Михаил Осоргин - Вольный каменщик

На нашем сайте KnigaRead.com Вы можете абсолютно бесплатно читать книгу онлайн Михаил Осоргин, "Вольный каменщик" бесплатно, без регистрации.
Перейти на страницу:

Усталый от мыслей и напрасных поисков работы, Егор Егорович чувствует потребность присесть на лавочке рядом с горбатой старушенцией, которая роется в кошеле. Когда-то всякая прогулка по Парижу была большим удовольствием для Егора Егоровича, просидевшего кресло в конторе. Сам шёл бодренько и любовался чужой бодростью. Идут люди по своим делам, и ведь подумать только, что у каждого своя жизнь, от других отличная, и каждый человек как бы центр вселенной! Вот и эта горбунья тоже чувствует себя центром, сущностью, а весь мир — только её окружение. Очень забавно, а так. И из всех этих жизней слагается одно целое — человечество. А как слагается? Очень просто: от сердца к сердцу, от ума к уму протянуты ниточки. Получается будто бы путаница, а в определённый момент, например, при каких-нибудь важных событиях, путаница сама распутывается, ниточки натягиваются, и получается народ, живущий одной мыслью и одним сердцем. Замечательно!

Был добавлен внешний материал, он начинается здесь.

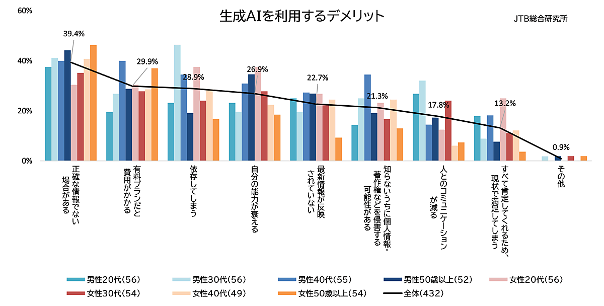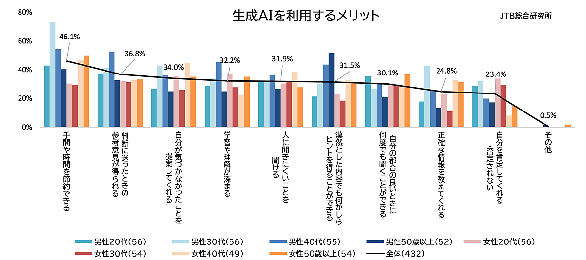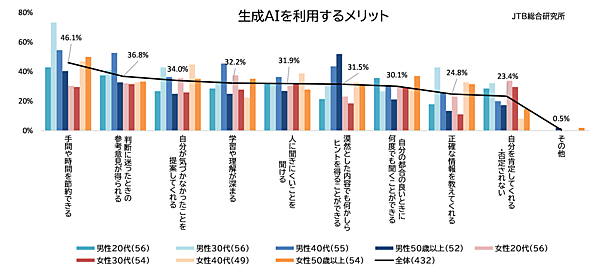 JTB総合研究所は、「生成AIの利用と旅行についての調査」を実施した。日常や旅行における生成AIの活用方法について、スクリーニング調査では10,705人、本調査では432人を対象に調査している。
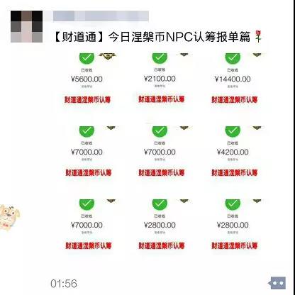 2018年1月5日,在经销商的朋友圈中,笔者看到涅槃币认筹报单更加火爆。

Старушенция вытаскивает из кошеля не то котелок, не то консервную банку. Её пальцы делают множество лишних движений, точно она играет на немом рояле; вероятно, больная. И лицо её трясется, серое, землистое, и в такт вздрагивают космы седых волос, которые не рассыпаются, а висят липкими прядями. Егор Егорович чувствует к ней великую жалость и отводит глаза.

Достав банку, старушка покидает лавочку и семенит к воротам дома казённого вида, где уже образовалась очередь таких же странных, серолицых, удивительно грязных и неподобающих Парижу людей. Егору Егоровичу нетрудно догадаться, что здесь раздача общественного супа. Видал и раньше, походя, но некогда было приглядеться. «Хорошо это заведено в Париже, что вот бедный человек получает горячую пищу бесплатно», — и проходил с чувством удовлетворения и за людей, и за себя, дома ел суп, свой, частный, из белой тарелки с золотым ободочком; ну, там подсыпал по вкусу соли или перцу, а заедал пирожком. Сейчас чувства Егора Егоровича напряжены по-особенному, немножко, конечно, болезненно, и лица стоящих в очереди впервые поражают его общей землистостью и какой-то смиренной тупостью. Не просто бедность, а бедность крайняя и последняя, за которой следует смерть.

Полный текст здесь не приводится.